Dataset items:

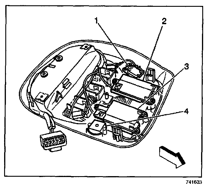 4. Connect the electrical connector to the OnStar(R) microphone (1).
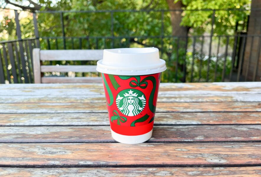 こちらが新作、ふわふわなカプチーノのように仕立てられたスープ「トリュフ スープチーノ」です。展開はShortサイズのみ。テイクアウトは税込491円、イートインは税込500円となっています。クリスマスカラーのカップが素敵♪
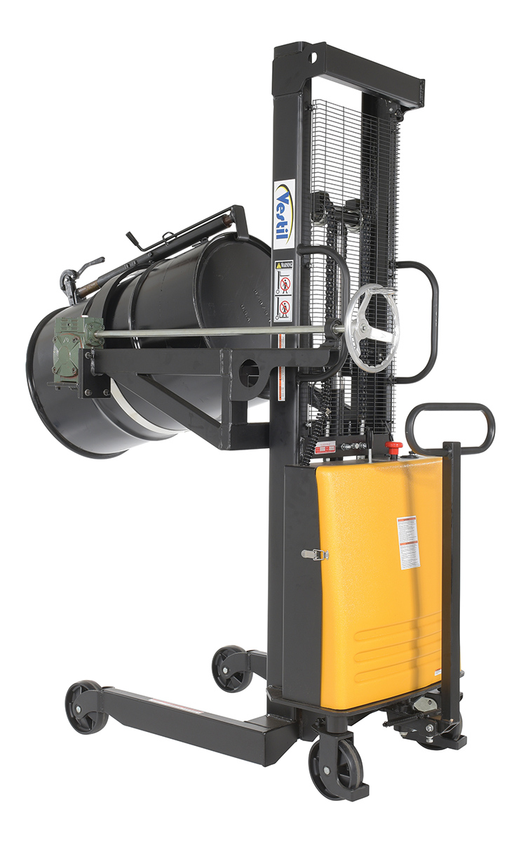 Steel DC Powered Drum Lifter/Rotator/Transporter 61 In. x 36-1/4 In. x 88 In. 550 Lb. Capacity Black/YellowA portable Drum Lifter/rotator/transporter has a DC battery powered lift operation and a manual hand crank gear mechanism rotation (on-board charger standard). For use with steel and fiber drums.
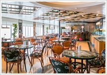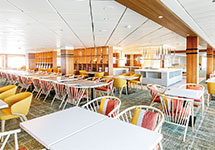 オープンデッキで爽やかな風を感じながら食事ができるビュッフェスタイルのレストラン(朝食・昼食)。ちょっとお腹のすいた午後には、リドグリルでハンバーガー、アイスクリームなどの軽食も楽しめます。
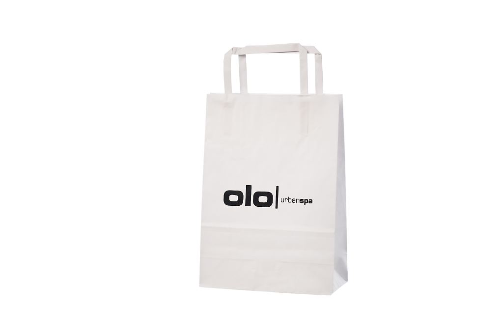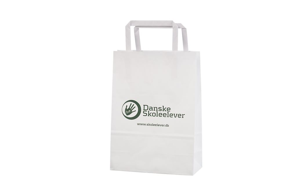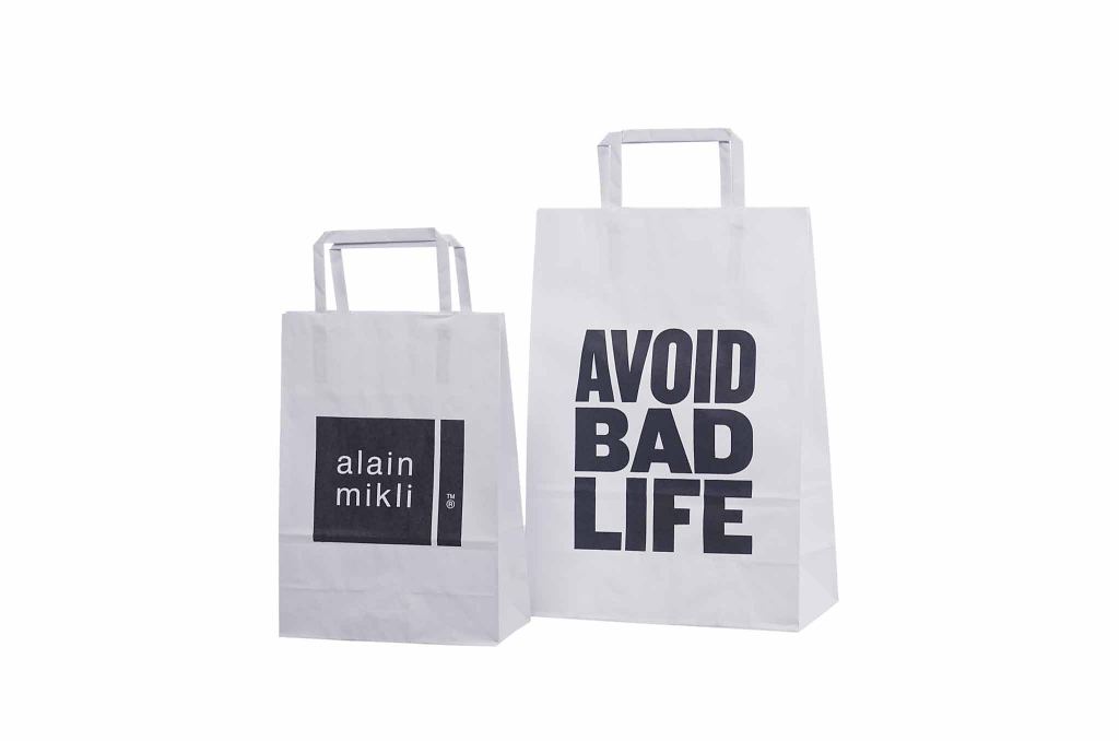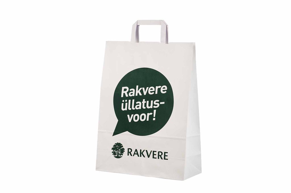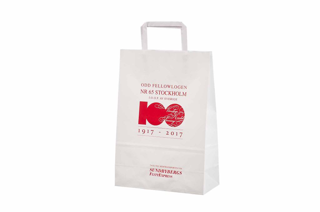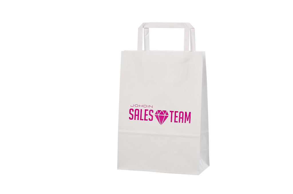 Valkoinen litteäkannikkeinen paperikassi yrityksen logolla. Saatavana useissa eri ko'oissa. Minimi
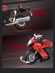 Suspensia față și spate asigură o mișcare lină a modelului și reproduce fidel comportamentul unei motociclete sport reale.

» **Work task**
Leave the pictures out. Transcribe exactly the lines from the one with "Valkoinen litteäkannikkeinen paperikassi" through the end of the records.

» **Solution to the exercise**
 Valkoinen litteäkannikkeinen paperikassi yrityksen logolla. Saatavana useissa eri ko'oissa. Minimi
 Suspensia față și spate asigură o mișcare lină a modelului și reproduce fidel comportamentul unei motociclete sport reale.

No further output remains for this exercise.